Uppsala, Sweden; and Groningen, The Netherlands From the Department of Plastic and Reconstructive Surgery, Uppsala University Hospital, and the Departments of Plastic Surgery and Epidemiology, University Medical Center Groningen, University of Groningen.
Plast Reconstr Surg. 2010 Jun;125(6):1710-1717. doi: 10.1097/PRS.0b013e3181d0ace8.
The Cook-Swartz implantable Doppler system was introduced at the Uppsala University Hospital to ease free flap monitoring and improve salvage rates by an earlier detection of vascular compromise. The aim of the current analysis was to investigate whether the system indeed improved the salvage rate of revisions.
All cases that needed revision among a consecutive series of patients being monitored with the implantable Doppler system between June of 2006 and January of 2009 were compared with a similar set of patients operated on before the introduction of the implantable Doppler system over an equal time span monitored with conventional methods. Data were extracted from the medical files of the patients. Logistic regression was used to identify factors associated with the outcome of the revision. Values of p < 0.05 were considered statistically significant.
A total of 327 flaps were monitored with the implantable Doppler system, of which 35 needed revision. In the control group, 303 flaps were included, of which 40 needed revision. The revision was successful in 69 percent of the cases in the implantable Doppler system group; in the group monitored by only conventional methods, this rate was 60 percent. Univariate analysis showed no statistical difference between these success rates (p = 0.441; odds ratio, 1.455; 95 percent confidence interval, 0.560 to 3.775). Multivariate analysis did not show a statistical difference either (p = 0.799; odds ratio, 1.143; 95 percent confidence interval, 0.410 to 3.182).

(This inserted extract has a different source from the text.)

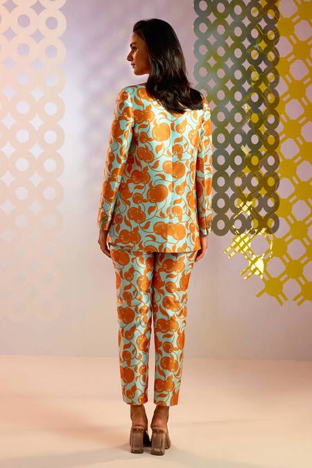 Aqua, orange double breasted blazer with abstract print and lapel collar.

The introduction of the implantable Doppler system did not lead to a significant increase in the salvage rate of revised flaps.
Cook-Swartz 可植入式多普勒系统在乌普萨拉大学医院推出,旨在通过更早地发现血管并发症来减轻游离皮瓣监测的负担并提高挽救率。目前分析的目的是调查该系统是否确实提高了修订后的挽救率。
对 2006 年 6 月至 2009 年 1 月期间使用植入式多普勒系统监测的连续患者系列中需要修订的所有病例进行了分析,并与在植入式多普勒系统引入之前相同时间段内使用常规方法监测的类似患者组进行了比较。从患者的医疗档案中提取数据。使用逻辑回归确定与修订结果相关的因素。p 值<0.05 被认为具有统计学意义。
共有 327 个皮瓣使用植入式多普勒系统进行了监测,其中 35 个需要修订。在对照组中,纳入了 303 个皮瓣,其中 40 个需要修订。植入式多普勒系统组中修订成功的比例为 69%;在仅通过常规方法监测的组中,这一比例为 60%。单因素分析显示这些成功率之间无统计学差异(p=0.441;优势比,1.455;95%置信区间,0.560 至 3.775)。多因素分析也没有显示出统计学差异(p=0.799;优势比,1.143;95%置信区间,0.410 至 3.182)。
引入植入式多普勒系统并未导致修订皮瓣的挽救率显著提高。